- _What is needed_
Retype every entry below without pictures.
Segment Open
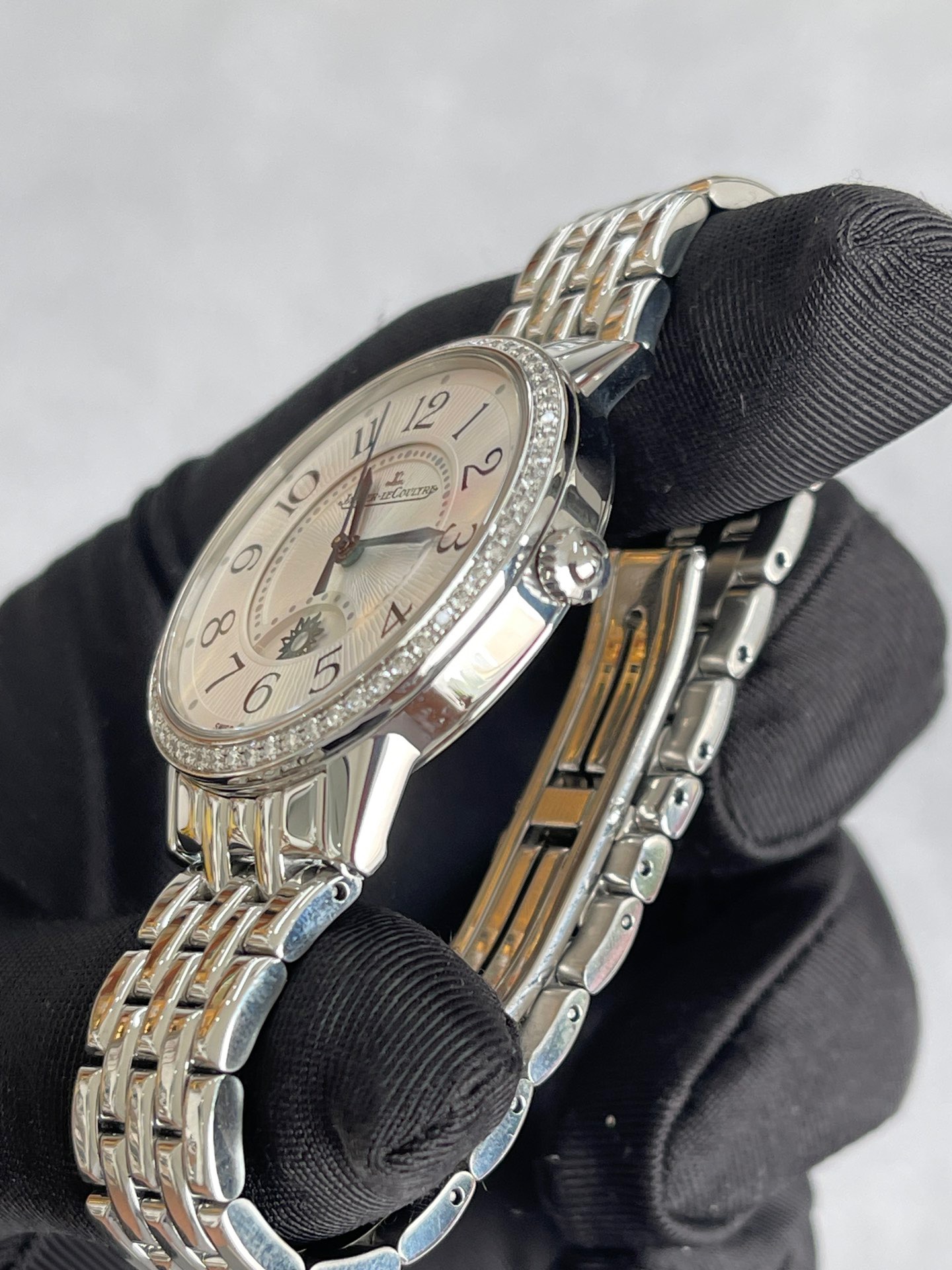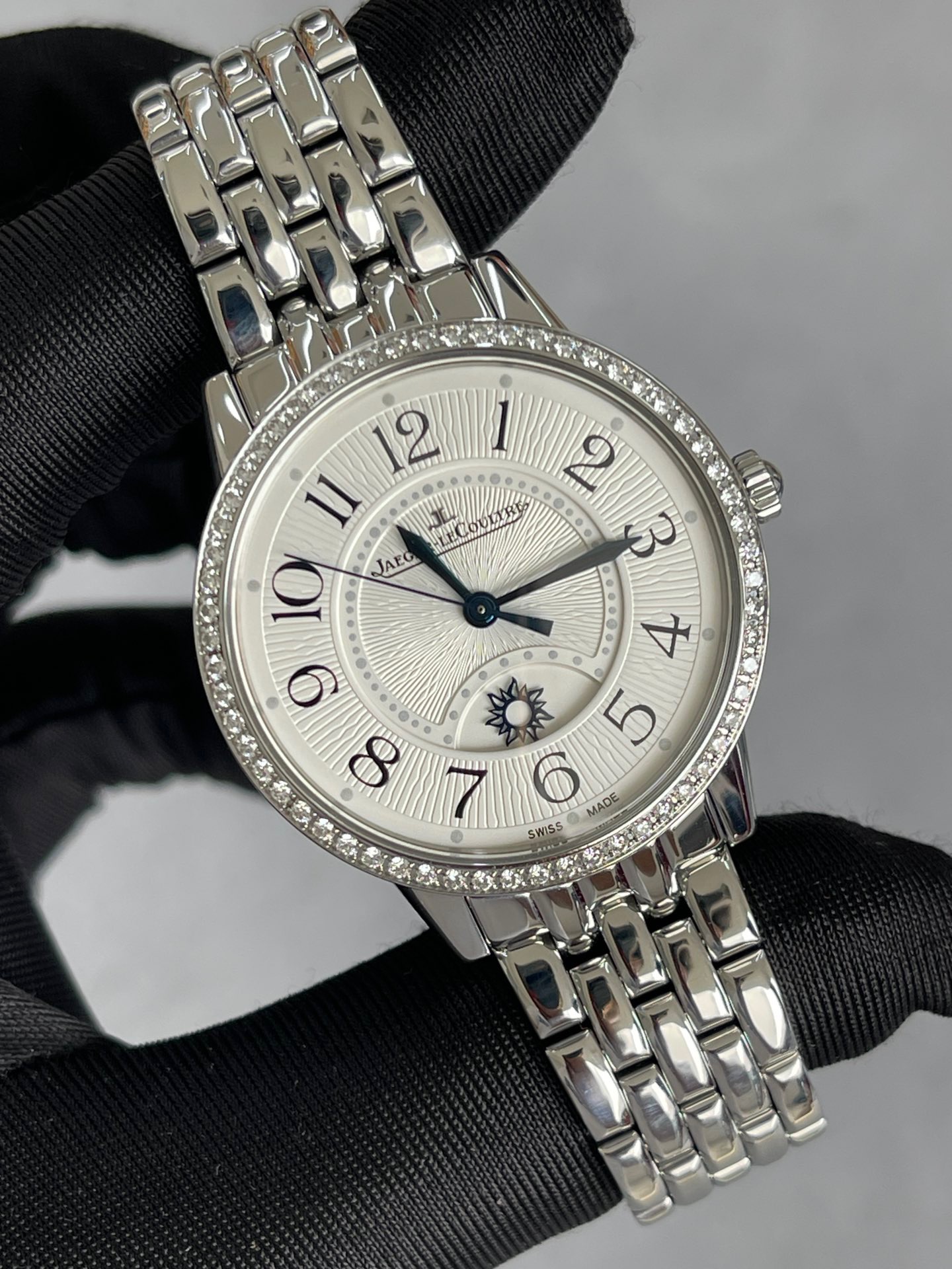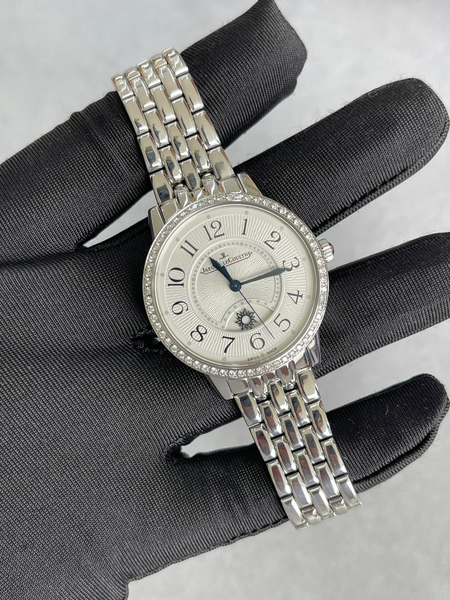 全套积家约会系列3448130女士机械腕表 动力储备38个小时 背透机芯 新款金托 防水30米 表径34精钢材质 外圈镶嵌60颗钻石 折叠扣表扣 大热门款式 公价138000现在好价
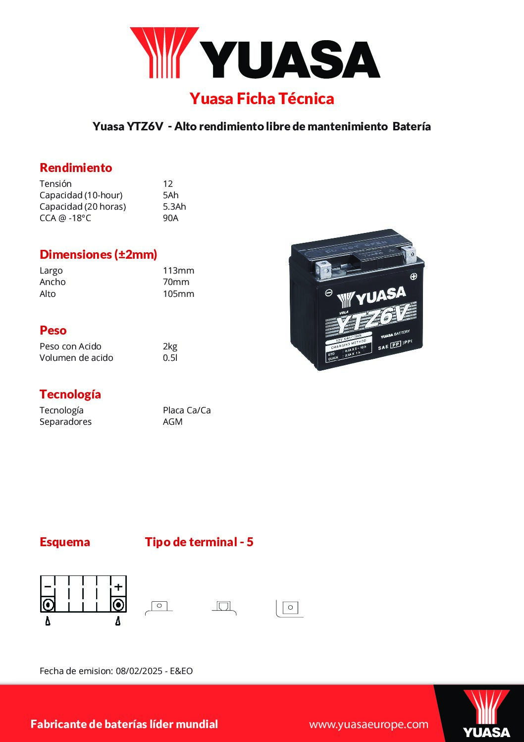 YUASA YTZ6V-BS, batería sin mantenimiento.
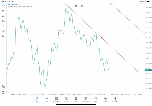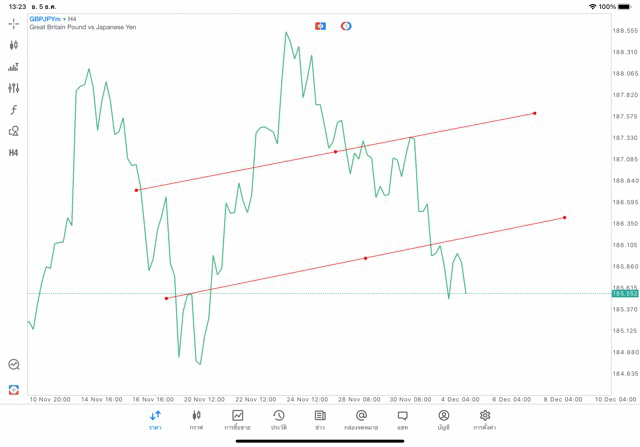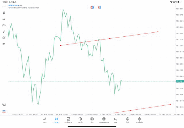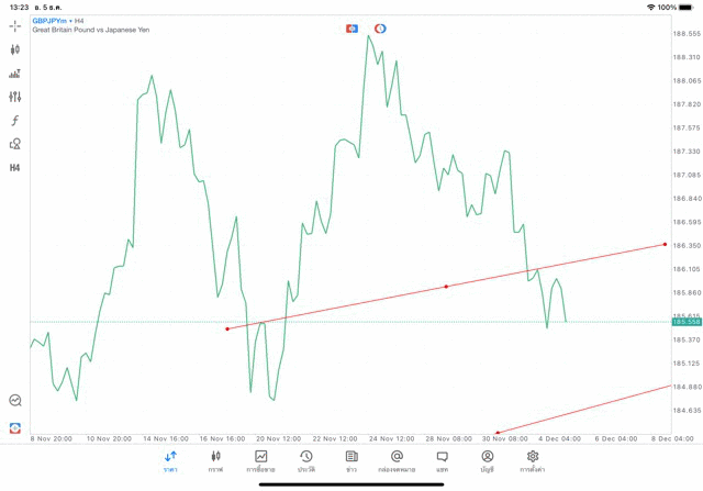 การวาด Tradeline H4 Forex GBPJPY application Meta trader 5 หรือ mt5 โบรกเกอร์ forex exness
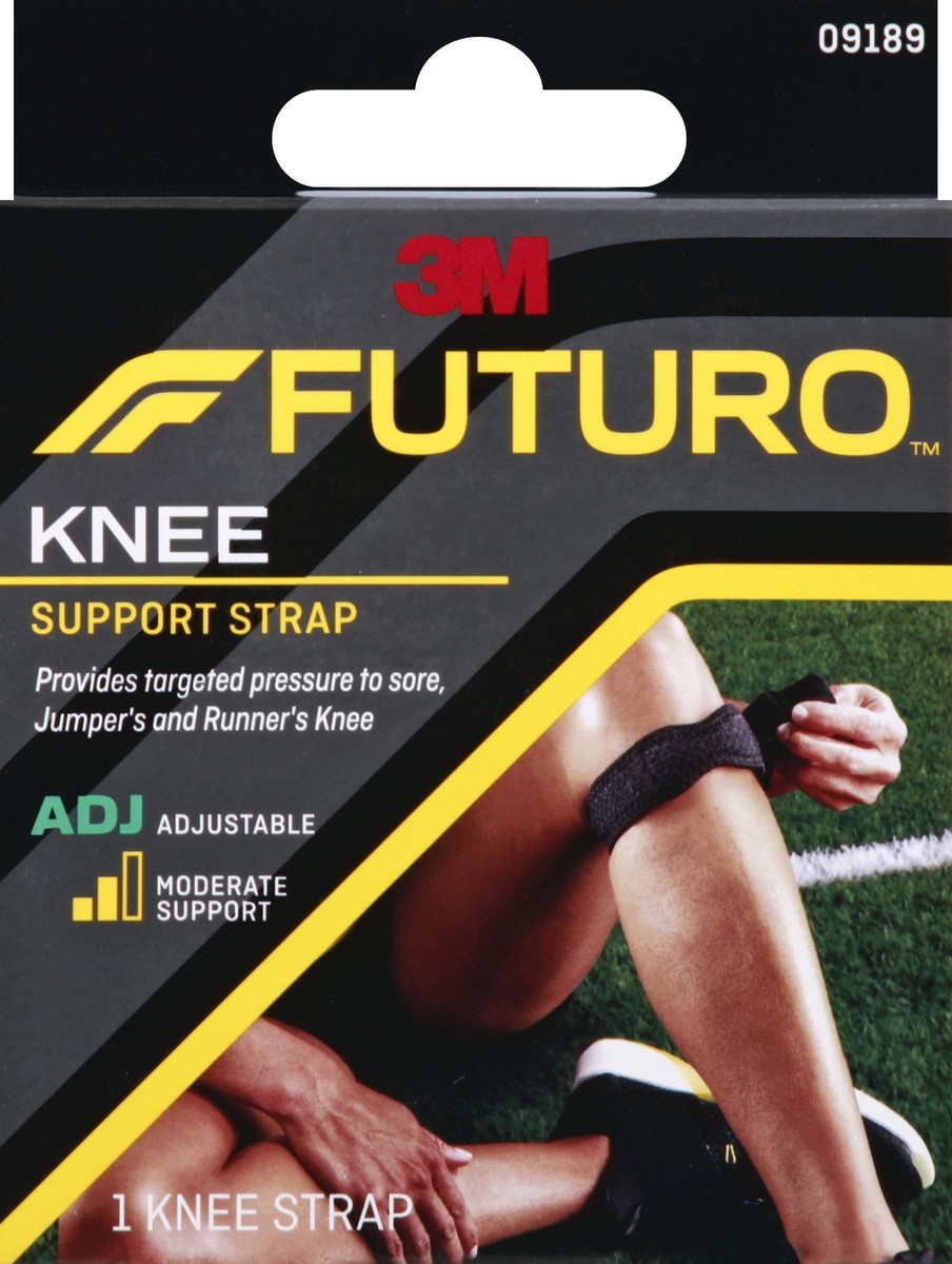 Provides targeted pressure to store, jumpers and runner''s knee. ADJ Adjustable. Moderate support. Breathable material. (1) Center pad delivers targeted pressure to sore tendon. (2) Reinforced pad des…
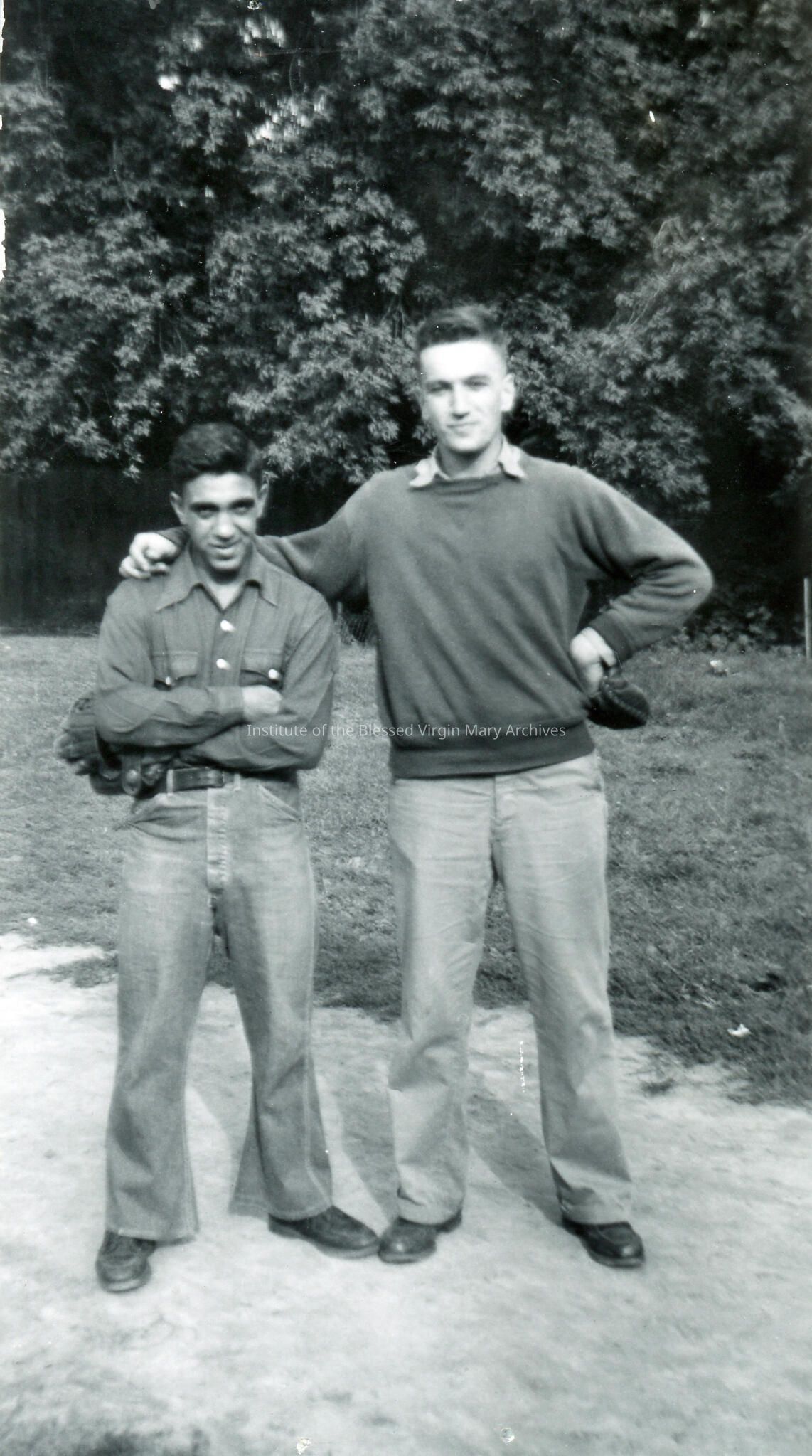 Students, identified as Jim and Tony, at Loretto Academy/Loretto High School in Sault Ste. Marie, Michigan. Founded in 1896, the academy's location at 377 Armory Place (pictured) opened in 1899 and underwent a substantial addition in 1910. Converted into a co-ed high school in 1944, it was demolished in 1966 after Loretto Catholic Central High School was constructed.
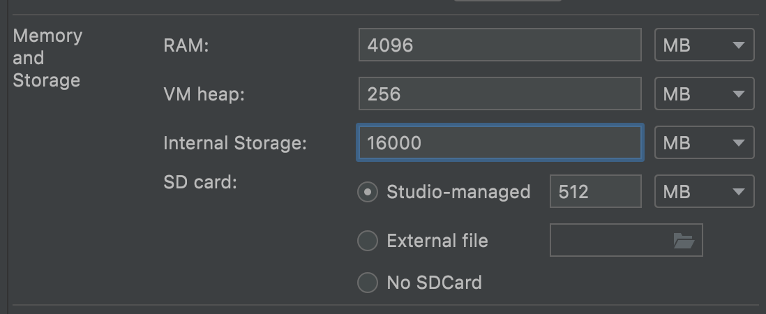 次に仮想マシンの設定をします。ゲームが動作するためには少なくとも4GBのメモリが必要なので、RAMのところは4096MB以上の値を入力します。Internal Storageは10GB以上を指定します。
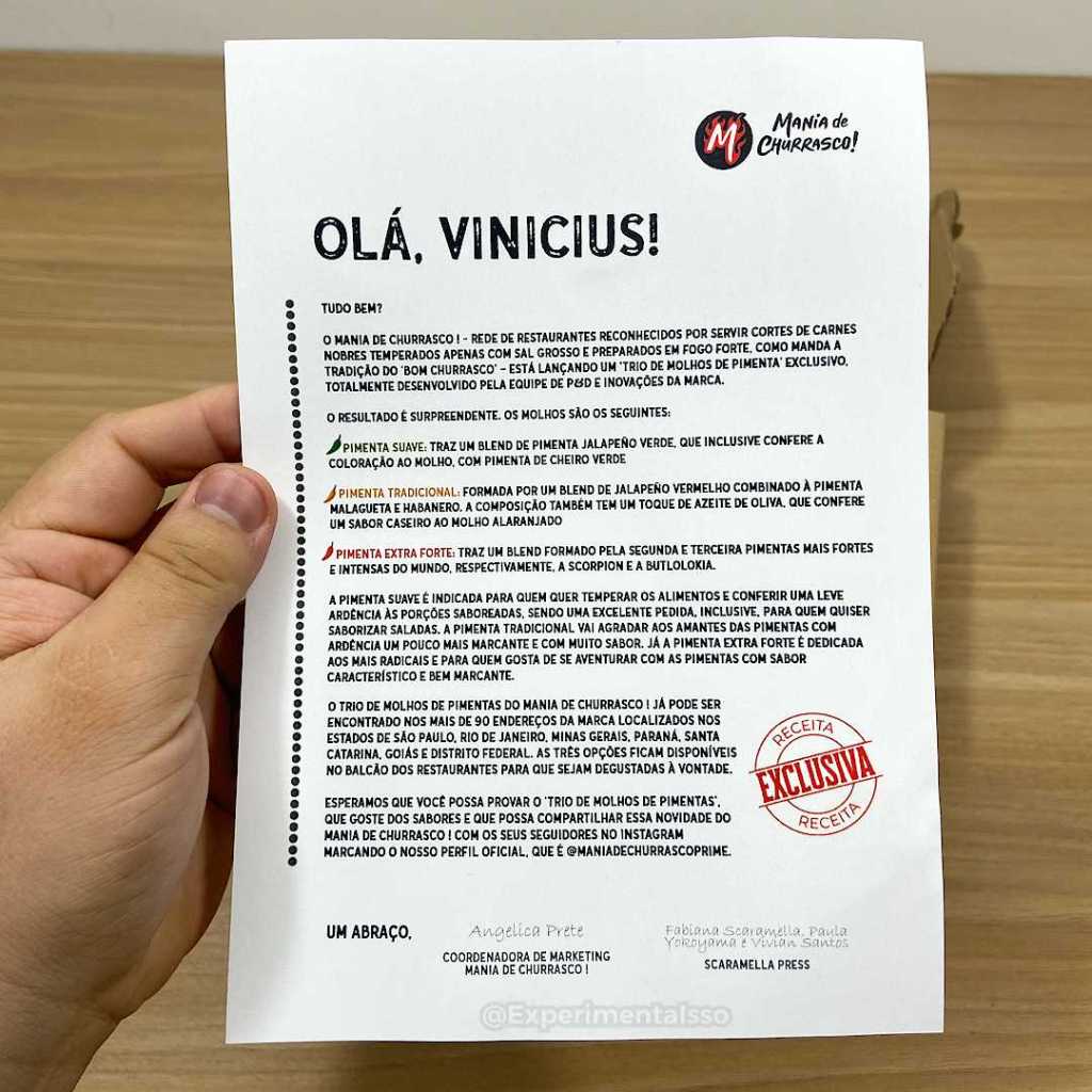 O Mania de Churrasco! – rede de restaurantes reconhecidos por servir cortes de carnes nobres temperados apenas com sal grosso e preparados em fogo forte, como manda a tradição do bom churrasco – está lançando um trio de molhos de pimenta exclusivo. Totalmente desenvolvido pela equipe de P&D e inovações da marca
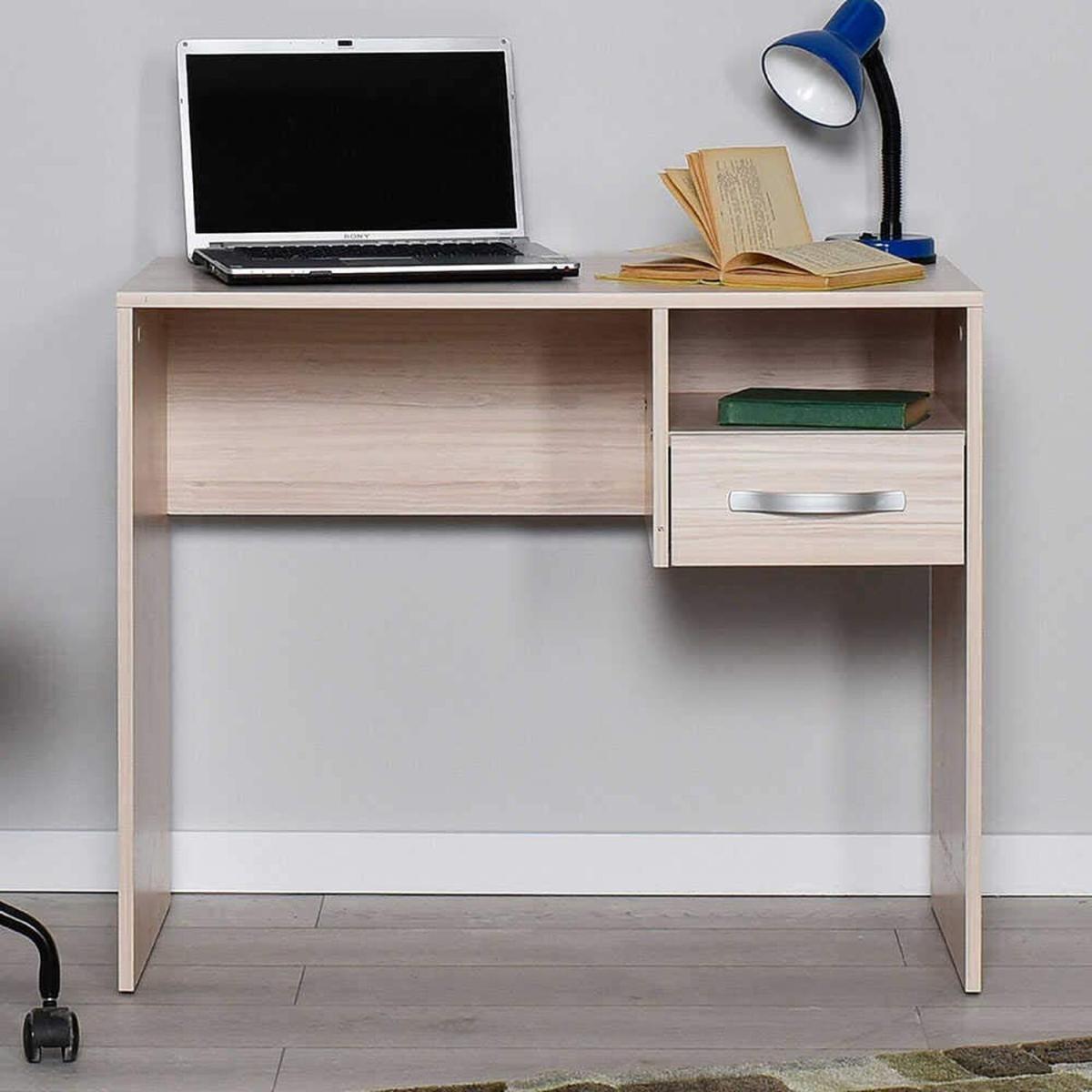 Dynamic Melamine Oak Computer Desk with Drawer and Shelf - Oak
Segment Closed
- _Solution_
 全套积家约会系列3448130女士机械腕表 动力储备38个小时 背透机芯 新款金托 防水30米 表径34精钢材质 外圈镶嵌60颗钻石 折叠扣表扣 大热门款式 公价138000现在好价
 YUASA YTZ6V-BS, batería sin mantenimiento.
 การวาด Tradeline H4 Forex GBPJPY application Meta trader 5 หรือ mt5 โบรกเกอร์ forex exness
 Provides targeted pressure to store, jumpers and runner''s knee. ADJ Adjustable. Moderate support. Breathable material. (1) Center pad delivers targeted pressure to sore tendon. (2) Reinforced pad des…
 Students, identified as Jim and Tony, at Loretto Academy/Loretto High School in Sault Ste. Marie, Michigan. Founded in 1896, the academy's location at 377 Armory Place (pictured) opened in 1899 and underwent a substantial addition in 1910. Converted into a co-ed high school in 1944, it was demolished in 1966 after Loretto Catholic Central High School was constructed.
 次に仮想マシンの設定をします。ゲームが動作するためには少なくとも4GBのメモリが必要なので、RAMのところは4096MB以上の値を入力します。Internal Storageは10GB以上を指定します。
 O Mania de Churrasco! – rede de restaurantes reconhecidos por servir cortes de carnes nobres temperados apenas com sal grosso e preparados em fogo forte, como manda a tradição do bom churrasco – está lançando um trio de molhos de pimenta exclusivo. Totalmente desenvolvido pela equipe de P&D e inovações da marca
 Dynamic Melamine Oak Computer Desk with Drawer and Shelf - Oak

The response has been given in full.